Transformers provides thousands of pretrained models to perform tasks on texts such as classification, information extraction, question answering, summarization, translation, text generation, etc in 100+ languages. Its aim is to make cutting-edge NLP easier to use for everyone.
🤗 Transformers provides APIs to quickly download and use those pretrained models on a given text, fine-tune them on your own datasets then share them with the community on our model hub. At the same time, each python module defining an architecture can be used as a standalone and modified to enable quick research experiments.
🤗 Transformers is backed by the two most popular deep learning libraries, PyTorch and TensorFlow, with a seamless integration between them, allowing you to train your models with one then load it for inference with the other.
However, we will use the Simple Transformers package, which lets you quickly train and evaluate Transformer models. Keep the big guns for other projects and new PC...

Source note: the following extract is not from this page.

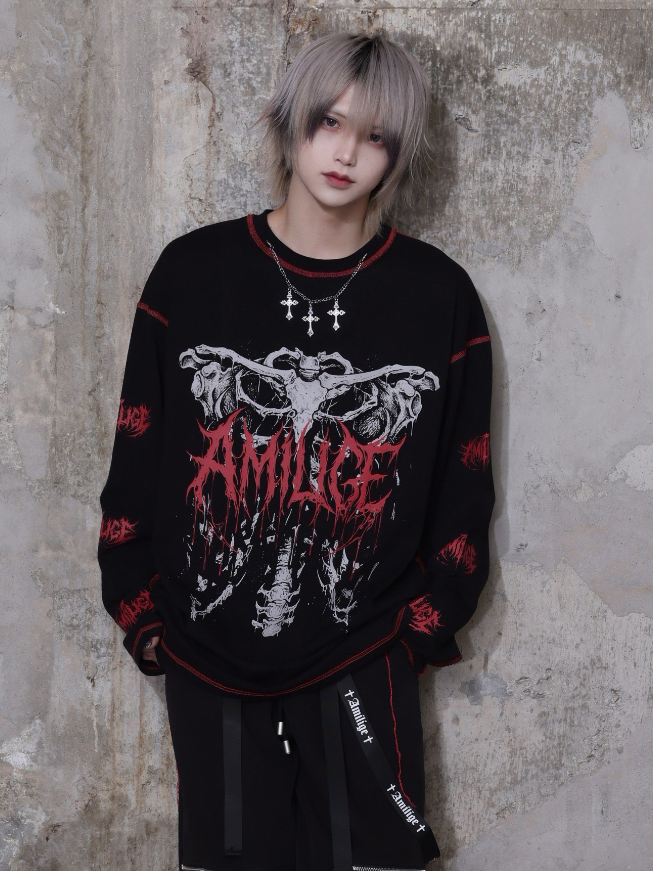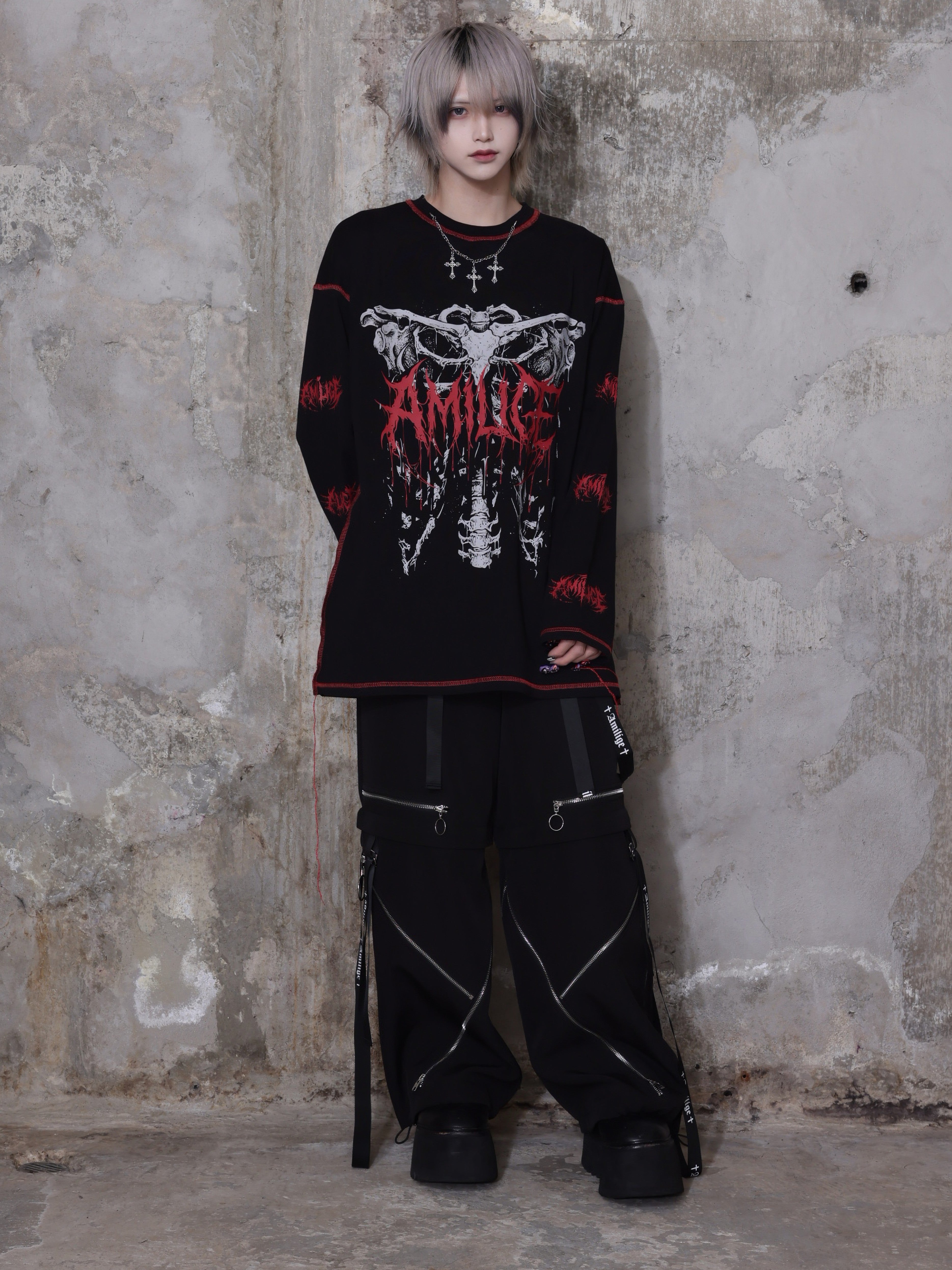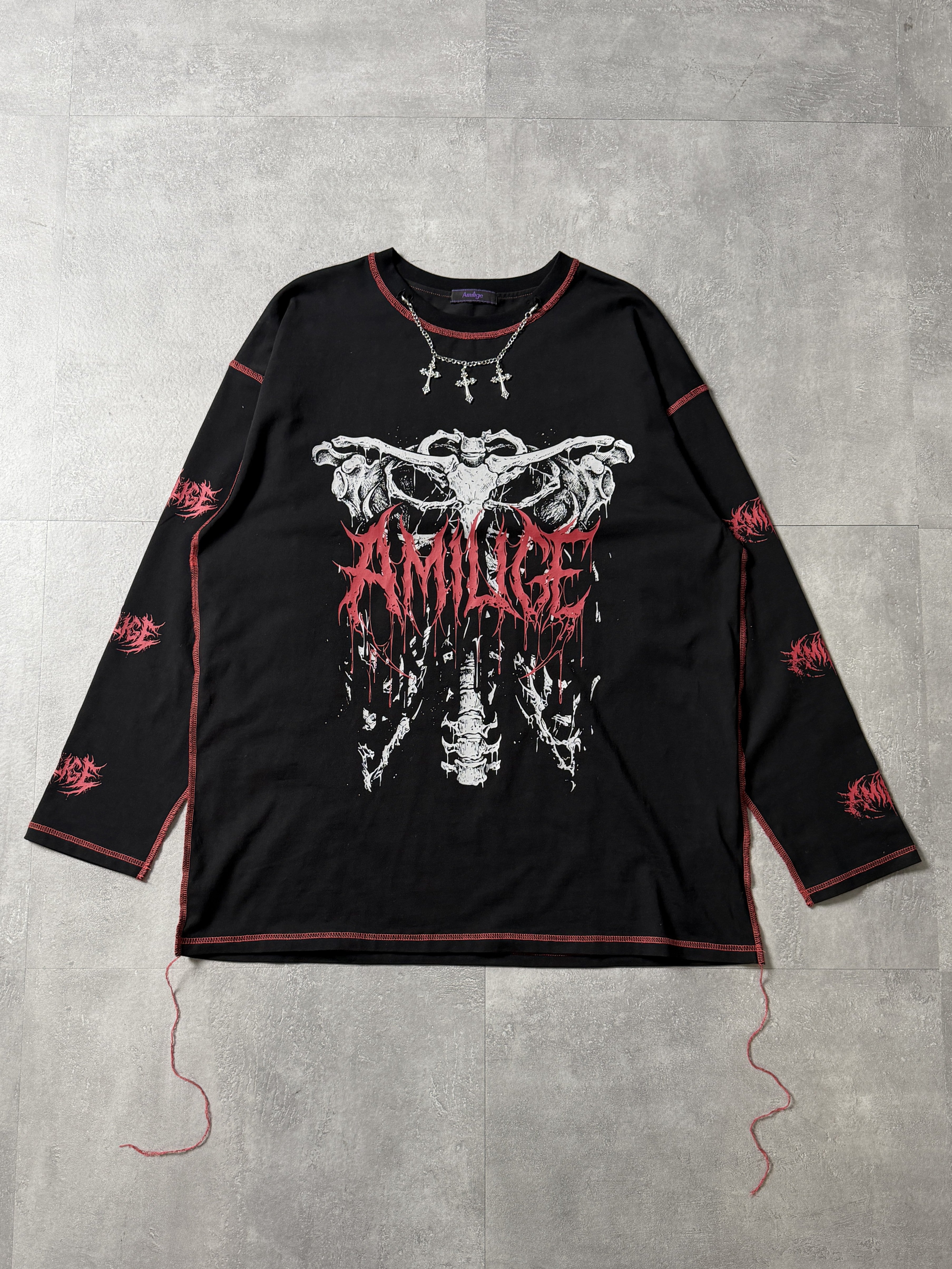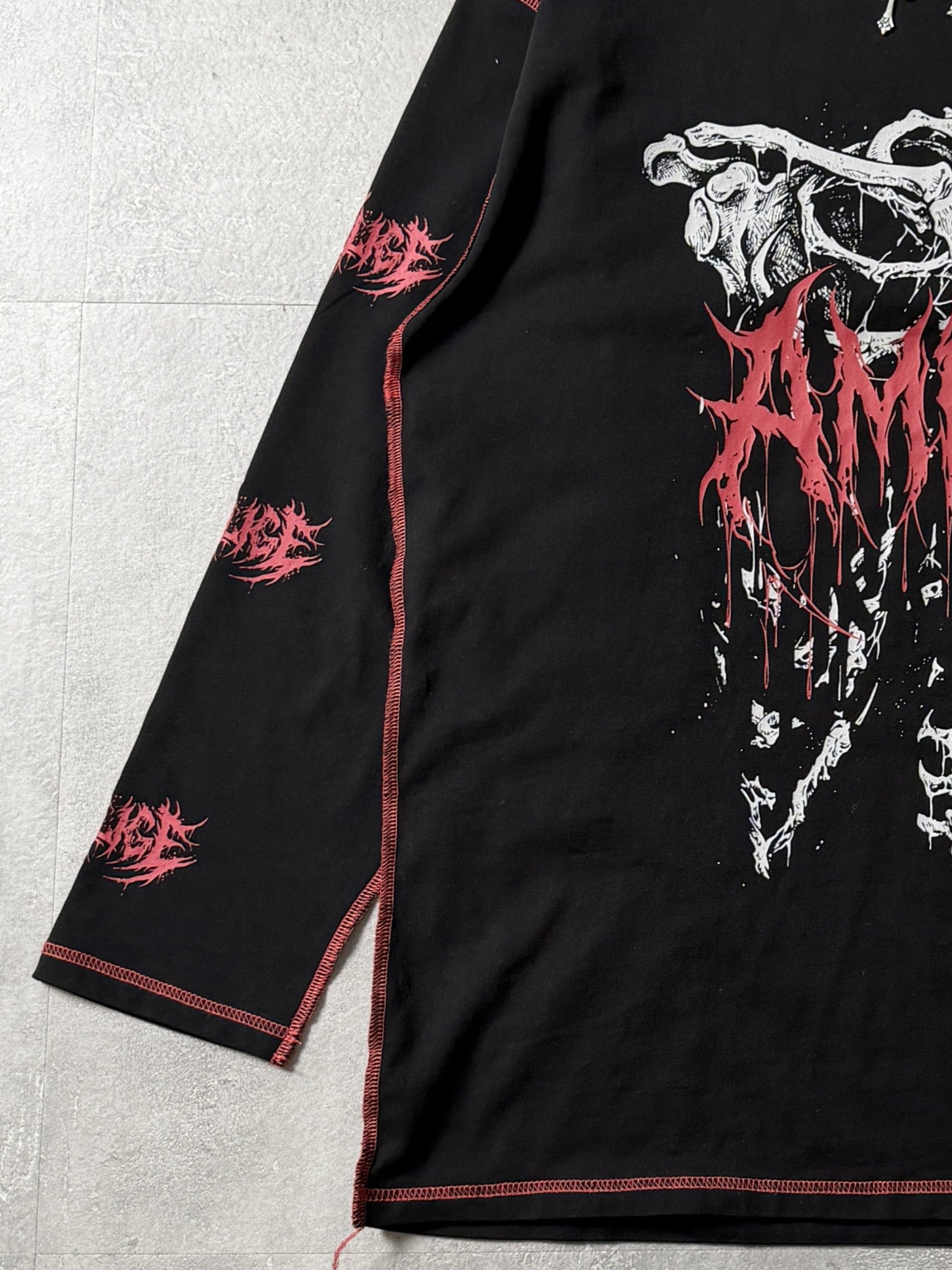 インパクトのある骨グラフィックとブランドロゴが目を引く、主役級ロングTシャツ。

from simpletransformers.classification import MultiLabelClassificationModel
import logging
logging.basicConfig(level=logging.INFO)
transformers_logger = logging.getLogger("transformers")
transformers_logger.setLevel(logging.WARNING)
train['labels'] = train[labels].values.tolist()
test['labels'] = test[labels].values.tolist()
train_df = train[['text','labels']].copy()
eval_df = test[['text','labels']].copy()
model = MultiLabelClassificationModel(
"roberta",
"roberta-base",
num_labels=len(labels),
use_cuda=True,
args={"reprocess_input_data": True, "overwrite_output_dir": True, "num_train_epochs": 5},
)
model.train_model(train_df)
result, model_outputs, wrong_predictions = model.eval_model(eval_df)
result
preds = pd.DataFrame(model_outputs,columns=labels)
preds
print(metrics.classification_report(test[labels],preds.gt(.5).astype(int),zero_division=0))
We have played with those packages to solve the multi-label classificationt task
- Binary Relevance
- Universal Sentence Encoder
- Random Forest
- XGBoost
- Transformers
We could see very intresting results, especially that each one of them works very diffrent from each other.
Personally I think using the XGBoost model with the USE worked the best in terms of accuracy-resources report, also it had a better precision for the label 1
where the other models could not score anything for that label.
All these models can be improved by tunning but this notebooks was mainly designed for learning purposes.